***** THE DATA *****
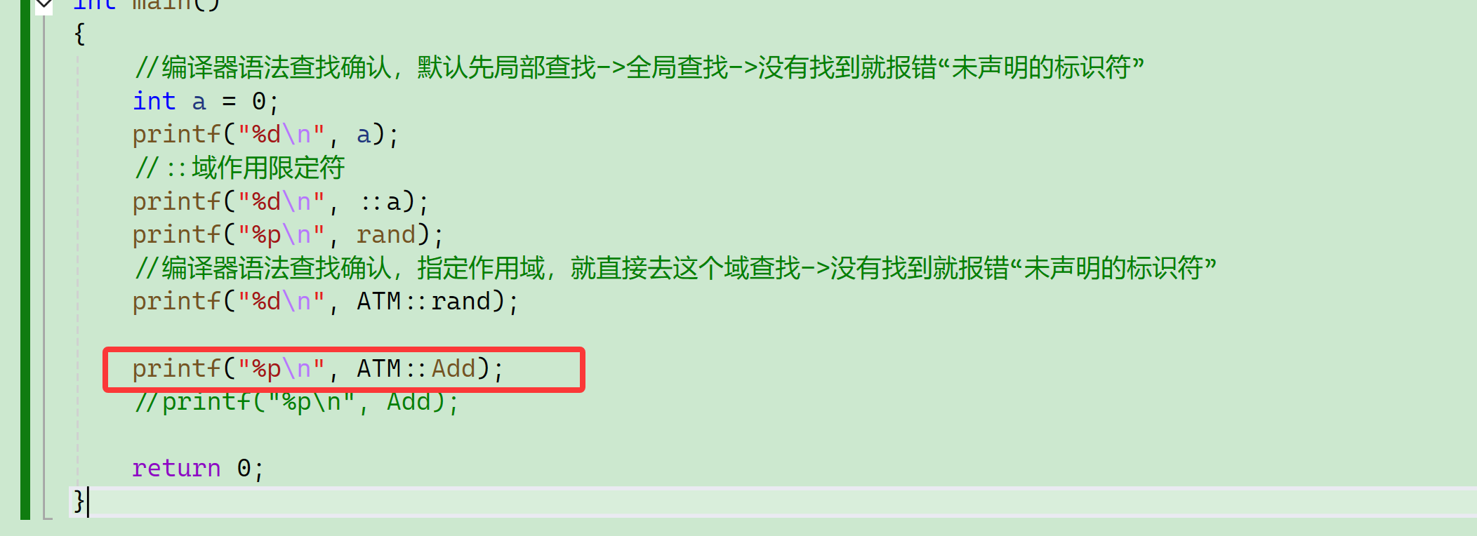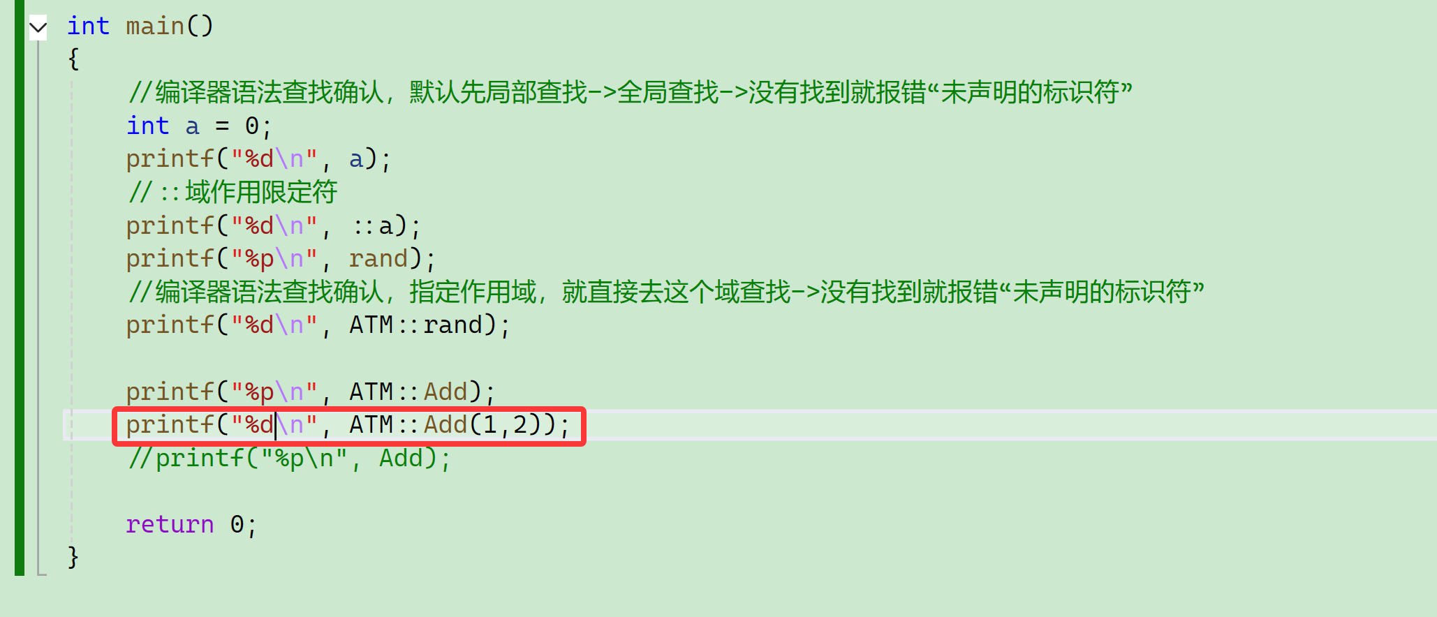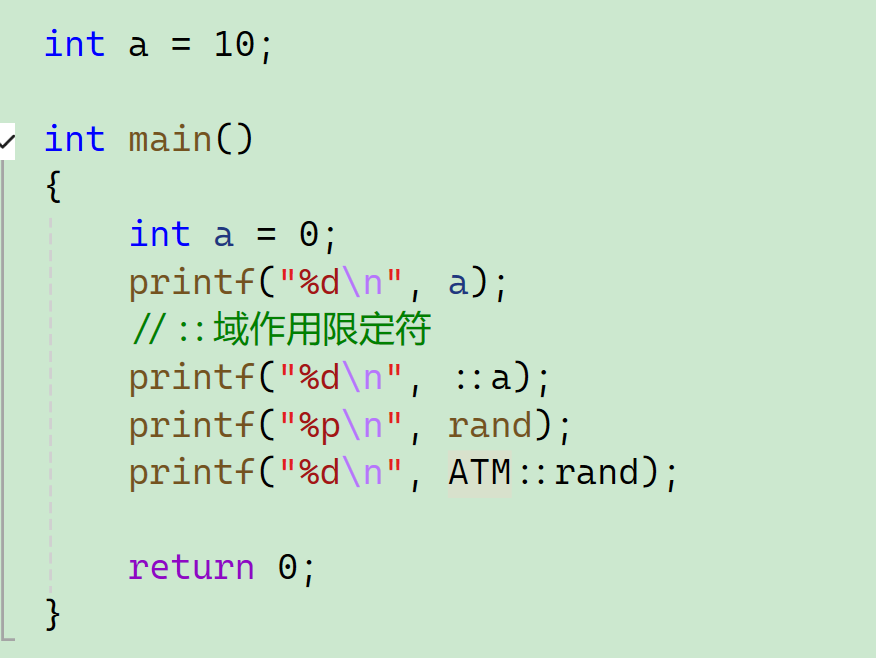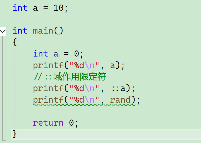 那如果我想访问命名空间里面的rand怎么办?我们前面知道了可以用域作用限定符::
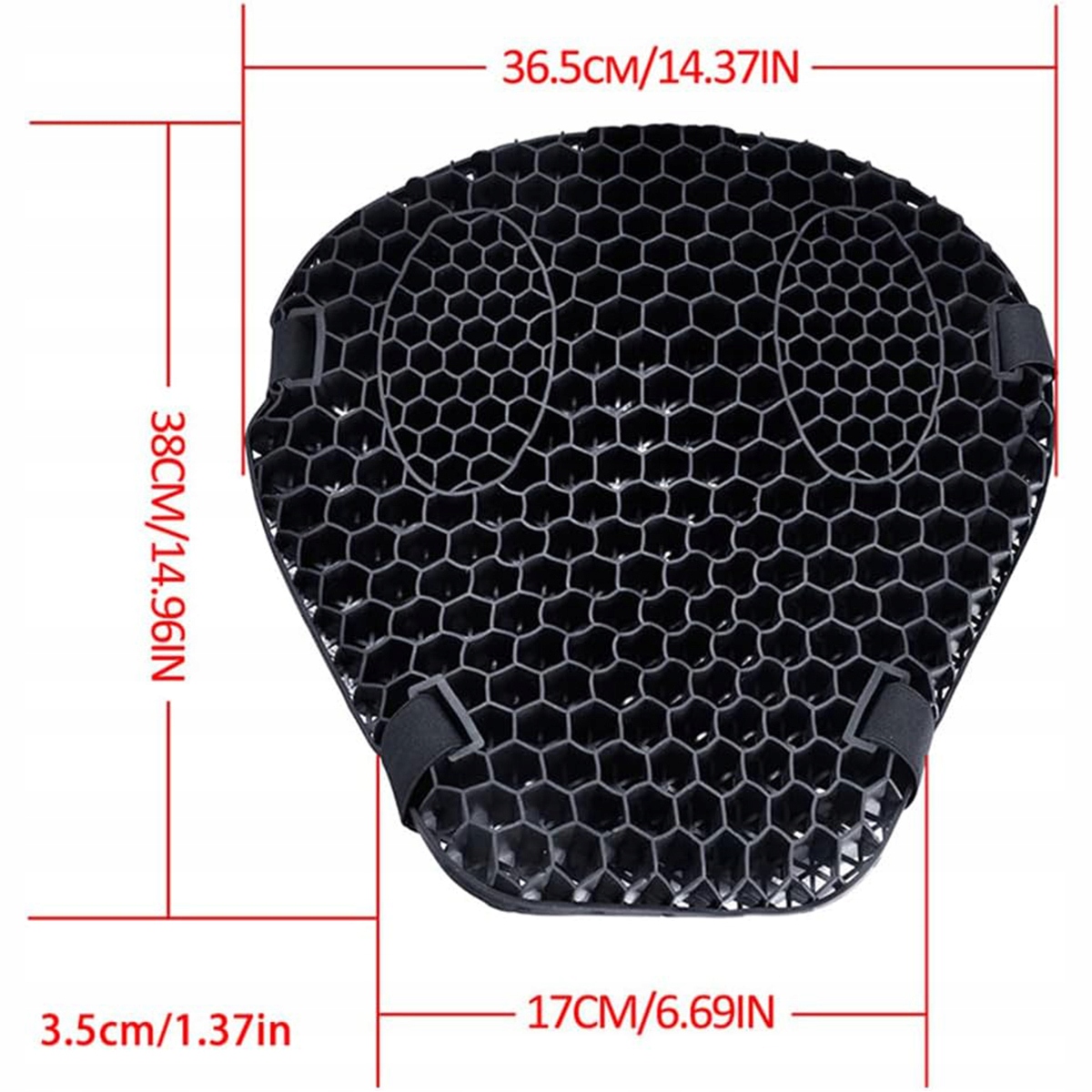 Крышка сиденья на мотоцикле была разработана в форме 3D -соты, благодаря которой воздух может циркулировать быстрее, чем в случае с подушками губки. Это помогает эффективно охлаждать и отвлекать тепло, поэтому вы можете защитить себя от пота и горячего. Размеры подушки сиденья мотоцикла составляют около 36,5 х 38 х 3,5 см.
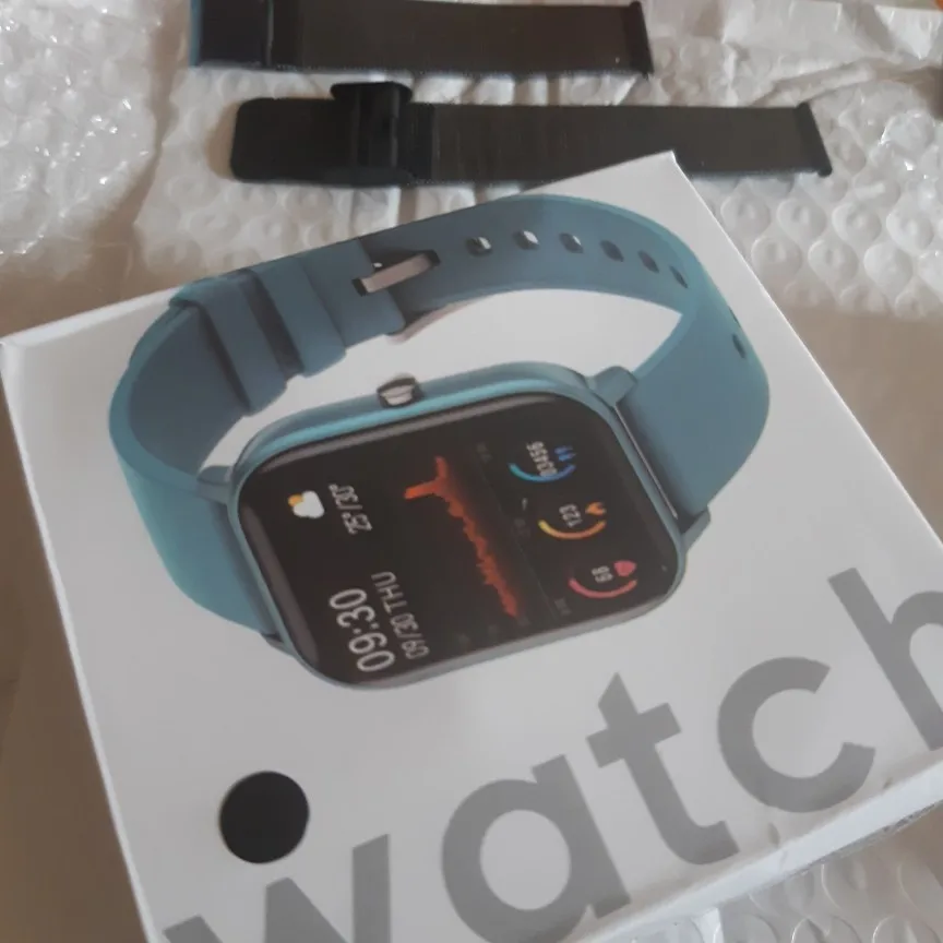 Часы вытащила в "Лови момент". Пришли быстро, отслеживались на всем пути. Упакованы были в обычный пакет. Коробка очень помялась, и на часах тоже присутствует вмятина (видно на 1 фото) . Пришли полностью разряженные. Зарядка работает. С телефоном коннектятся без проблем через спец. приложение по блютус. В приложении можно менять цвет шрифта, обои, делать измерения. Пульс, давление и уровень кислорода измеряют, но я думаю, что показатели неправильные. Звук при разговоре оставляет желать лучшего. Перевод на русский корявенький. В комплекте шла защитная пленка. В целом, заказом довольна, но за полную цену не взяла бы.
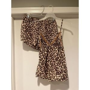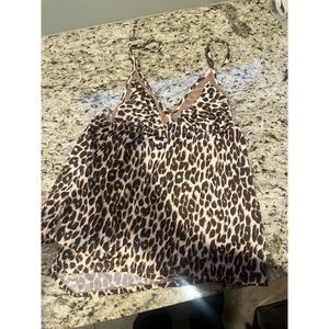 This is a lot for teen girls with two really nice tops in beautiful colors. The dark pink puff sleeve shirt is Express brand size Small, the light sheer top is Abound size medium and the animal print silk PJ set is Vince Camuto size medium. All are clean and come from a smoke free home.
*****
**WORK INSTRUCTIONS**
The output has to match the data above line for line, except that pictures are dropped.

**EXERCISE RESULT**
 那如果我想访问命名空间里面的rand怎么办?我们前面知道了可以用域作用限定符::
 Крышка сиденья на мотоцикле была разработана в форме 3D -соты, благодаря которой воздух может циркулировать быстрее, чем в случае с подушками губки. Это помогает эффективно охлаждать и отвлекать тепло, поэтому вы можете защитить себя от пота и горячего. Размеры подушки сиденья мотоцикла составляют около 36,5 х 38 х 3,5 см.
 Часы вытащила в "Лови момент". Пришли быстро, отслеживались на всем пути. Упакованы были в обычный пакет. Коробка очень помялась, и на часах тоже присутствует вмятина (видно на 1 фото) . Пришли полностью разряженные. Зарядка работает. С телефоном коннектятся без проблем через спец. приложение по блютус. В приложении можно менять цвет шрифта, обои, делать измерения. Пульс, давление и уровень кислорода измеряют, но я думаю, что показатели неправильные. Звук при разговоре оставляет желать лучшего. Перевод на русский корявенький. В комплекте шла защитная пленка. В целом, заказом довольна, но за полную цену не взяла бы.
 This is a lot for teen girls with two really nice tops in beautiful colors. The dark pink puff sleeve shirt is Express brand size Small, the light sheer top is Abound size medium and the animal print silk PJ set is Vince Camuto size medium. All are clean and come from a smoke free home.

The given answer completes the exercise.